The key to the hilarity of the interview was due to a simple traffic mishap: The representative who was scheduled to appear got a flat tire on the freeway on his way to the C-SPAN studios. So Project 21's director had to fill in.
Project 21's director is, in perfect irony, white.

Robb Harlston, the host of the show, barely clung to his professional demeanor as he issued what is now my favorite introduction to an interview of all time: "The director of Project 21, a program for conservative African-Americans … you're not African-American?"

The director, David Almasi, immediately issued a stream of defensive remarks that only added to the surreal humor. First he explained the tire blowout, and said he called another member of the group trying to get someone else to appear, but nobody was available (guess the flat and the one phone call exhausted the ranks of conservative blacks in the metropolitan Washington, D.C., area). Then he gave a tortured explanation that he was only an employee of the group; he took his marching orders from all of these mysterious black conservatives suffering from flat tires and broken phone lines. He didn't actually "direct" the organization; he was just the director. (As a bonus, this means that the difference between the group of black conservatives and the white guy working for the group of black conservatives is that the white guy gets paid to do it. You really have to love that as an affirmative defense!) Frankly, it was the best real-world re-enactment of "pay no attention to the man behind the curtain — I am the BLACK CONSERVATIVE MOVEMENT!" that I've ever seen.
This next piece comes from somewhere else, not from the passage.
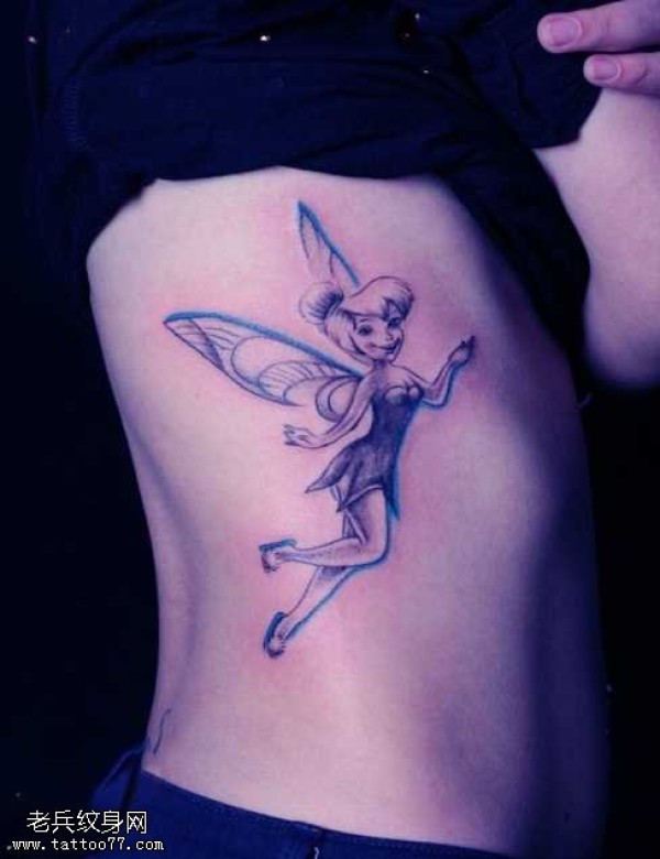 分享一款腰部时尚性感的蝶恋花纹身图案_腰部纹身图案大全_纹身图吧

Luckily, such chimeras of black Republicanism don't seem to be having any effect on the larger community. A recent poll by BET and CBS news showed that support for John Kerry is almost at the same level as support for Al Gore in 2000. And despite what Bush and other Republicans would have you believe, blacks are not being led astray by white liberals — the views of black Democrats on most issues are generally in line with those of the Democratic Party. Nine out of 10 (roughly the proportion of blacks that voted for Gore in 2000) believe that the country is headed in the wrong direction, and that the Iraq war was a mistake. The same poll found that black voters, much like white voters, consider jobs and the economy to be "the most important issue," followed by education, health care and the war in Iraq.

Furthermore, there was a slight increase in the percentage of those surveyed planning to vote in November over August 2000.

In short, Bush is wrong to ask blacks what the Democratic Party has "done for them lately," to borrow a phrase from Janet Jackson, a black woman who recently raised the ire of social conservatives for another reason. Blacks do not vote for Democrats simply because Democrats (unlike Bush) work to create a more racially just society — although that is most certainly one of the reasons. Blacks vote for Democrats because the Democratic program reflects their views on almost all issues: the economy, health care, education, social programs, the justice system, and every other plank in the party platform. Issues that might engage blacks more strongly are not carrots to be dangled to entice black voters toward the grand old elephant waiting to stomp on them; they are integral parts of a larger Democratic philosophy that favors inclusion over divisiveness, fair treatment over prejudice, and one society versus the haves trumping the have-nots.